Dengan etika seperti ini, Islam bermaksud menanamkan tabiat dan perilaku yang suci juga mulia sejak pertumbuhan awal anak-anak. Ada 3 waktu dimana seorang anak itu diharuskan meminta izin terlebih dahulu, yaitu saat aurat biasanya dibuka, saat suami-istri tidak mengenakan pakaian sebelum shalat subuh dan pada saat melepaskan pakaian dari anggota badan yang tampak. 
d. Pemisahan tempat tidur anak-anak dengan anggota keluarga lainnya.

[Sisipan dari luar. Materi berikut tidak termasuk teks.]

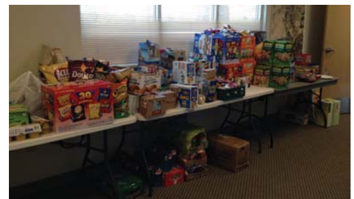
One of many areas in fire station #2 in The Ranches filled with donations from the community during the Dump Fire. THANK YOU to all those who provided food and water for the firefighters and to the volunteers who helped organize and deliver it.

We are in need of more respondents for Eagle Mountain City's annual citizen satisfaction survey, available now through July 31. The survey takes approximately 10 minutes to complete. The information we receive from our residents guides our planning and priorities, so we appreciate you taking the time to respond. It is located on the City website, News section.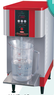
AWD-12 Pitcher not available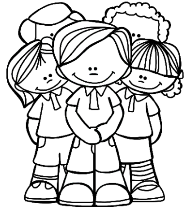
children around the world who have never heard about Jesus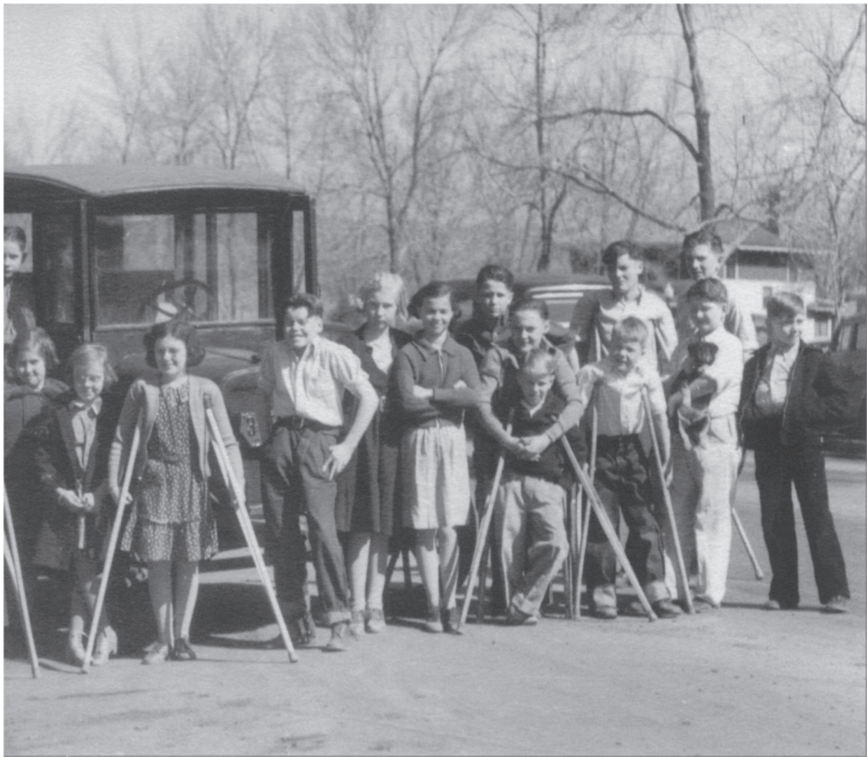
St. Vincent Hospital, Billings, Montana

Montana, and a graduate of Rush Medical College in Chicago who had returned to the state in 1914 after completing postgraduate training in orthopedics. 15

Diantara perilaku yang mendorong orang untuk melakukan perzinahan adalah dua orang yang berlainan jenis tidur dalam satu tempat tanpa terpisah atau tidurnya orang-orang yang usianya hampir mendekati usia baligh bersama-sama di tempat tidur. Ketika perbuatan ini membahayakan, barangkali itulah awal dari perbuatan yang tidak terpuji. 
e. Minta izin kepada pemilik rumah.
Seorang muslim tidak boleh masuk rumah yang bukan miliknya, kecuali setelah meminta izin, sehingga terjaganya privacy pemilik rumah. 
f. Larangan khalwat (berdua-duaan) bagi pria dan wanita   
Larangan ini karena apa yang berlaku dalam tabiat pria dan wanita yang berupa kebutuhan seksual terhadap lawan jenis, biasanya diwujudkan dalam bentuk khalwat yang dapat membangkitkan nafsu seksual.

PENUTUP
 Demikianlah beberapa uraian tentang pengertian zina, dampak perzinahan menurut Kesehatan dan beberapa cara untuk mencegah terjadinya perzinahan. Dan semoga kiranya kita semua bisa menghindari sejauh-jauhnya perbuatan tercela ini. Dan semoga Allah SWT melindungi kita selalu. Amin yarobbal alamin


DAFTAR PUSTAKA
AR – RIS ALHUSSAINI MUSHTAFA, 2003, Tujuh Golongan yang dinaungi Allah, Najla Press, Jakarta.
Dr. HUTAPEA RONALD, SKM, PHD, 1995, AIDS dan PMS dan Pemerkosaan, Rineka Cipta, Jakarta.
ABDURRAHMAN  ABDUSSALAM HASAN WASHIL, 1986, Gejolak Sex, akibat dan Solusinya , Mustaqim, Jakarta.